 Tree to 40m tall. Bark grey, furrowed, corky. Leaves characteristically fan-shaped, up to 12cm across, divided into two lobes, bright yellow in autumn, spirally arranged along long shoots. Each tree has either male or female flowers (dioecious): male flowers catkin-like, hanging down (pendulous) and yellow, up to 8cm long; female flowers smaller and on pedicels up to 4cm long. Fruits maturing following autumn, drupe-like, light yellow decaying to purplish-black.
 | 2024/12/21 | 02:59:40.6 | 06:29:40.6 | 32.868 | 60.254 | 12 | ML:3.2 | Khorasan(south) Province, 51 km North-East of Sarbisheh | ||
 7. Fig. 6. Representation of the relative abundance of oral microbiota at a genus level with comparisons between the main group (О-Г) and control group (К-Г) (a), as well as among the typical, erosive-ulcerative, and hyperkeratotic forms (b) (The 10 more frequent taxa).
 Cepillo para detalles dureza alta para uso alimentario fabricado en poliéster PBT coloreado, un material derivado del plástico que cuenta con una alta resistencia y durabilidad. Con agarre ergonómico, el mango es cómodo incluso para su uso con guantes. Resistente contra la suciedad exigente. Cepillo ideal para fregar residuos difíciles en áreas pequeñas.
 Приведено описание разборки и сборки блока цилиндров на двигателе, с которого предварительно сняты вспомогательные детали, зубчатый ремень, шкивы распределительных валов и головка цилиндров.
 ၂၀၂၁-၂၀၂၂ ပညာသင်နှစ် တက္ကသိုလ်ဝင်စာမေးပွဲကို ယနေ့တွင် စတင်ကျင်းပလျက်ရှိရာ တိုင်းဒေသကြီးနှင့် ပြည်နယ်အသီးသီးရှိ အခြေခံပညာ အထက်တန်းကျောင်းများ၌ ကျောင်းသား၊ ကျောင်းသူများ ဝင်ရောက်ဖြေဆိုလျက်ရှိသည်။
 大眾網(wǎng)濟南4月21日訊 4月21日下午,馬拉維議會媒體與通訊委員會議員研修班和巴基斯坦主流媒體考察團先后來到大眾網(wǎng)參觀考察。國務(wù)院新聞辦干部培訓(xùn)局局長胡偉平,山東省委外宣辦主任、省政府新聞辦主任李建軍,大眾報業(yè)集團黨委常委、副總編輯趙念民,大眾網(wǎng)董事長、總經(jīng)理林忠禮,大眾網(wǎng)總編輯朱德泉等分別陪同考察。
----------------
— Exercise details —
Repeat only what runs from the line holding "Cepillo para detalles" to the end of the data, keeping every line exactly as written, first and last included.

— Exercise answer —
 Cepillo para detalles dureza alta para uso alimentario fabricado en poliéster PBT coloreado, un material derivado del plástico que cuenta con una alta resistencia y durabilidad. Con agarre ergonómico, el mango es cómodo incluso para su uso con guantes. Resistente contra la suciedad exigente. Cepillo ideal para fregar residuos difíciles en áreas pequeñas.
 Приведено описание разборки и сборки блока цилиндров на двигателе, с которого предварительно сняты вспомогательные детали, зубчатый ремень, шкивы распределительных валов и головка цилиндров.
 ၂၀၂၁-၂၀၂၂ ပညာသင်နှစ် တက္ကသိုလ်ဝင်စာမေးပွဲကို ယနေ့တွင် စတင်ကျင်းပလျက်ရှိရာ တိုင်းဒေသကြီးနှင့် ပြည်နယ်အသီးသီးရှိ အခြေခံပညာ အထက်တန်းကျောင်းများ၌ ကျောင်းသား၊ ကျောင်းသူများ ဝင်ရောက်ဖြေဆိုလျက်ရှိသည်။
 大眾網(wǎng)濟南4月21日訊 4月21日下午,馬拉維議會媒體與通訊委員會議員研修班和巴基斯坦主流媒體考察團先后來到大眾網(wǎng)參觀考察。國務(wù)院新聞辦干部培訓(xùn)局局長胡偉平,山東省委外宣辦主任、省政府新聞辦主任李建軍,大眾報業(yè)集團黨委常委、副總編輯趙念民,大眾網(wǎng)董事長、總經(jīng)理林忠禮,大眾網(wǎng)總編輯朱德泉等分別陪同考察。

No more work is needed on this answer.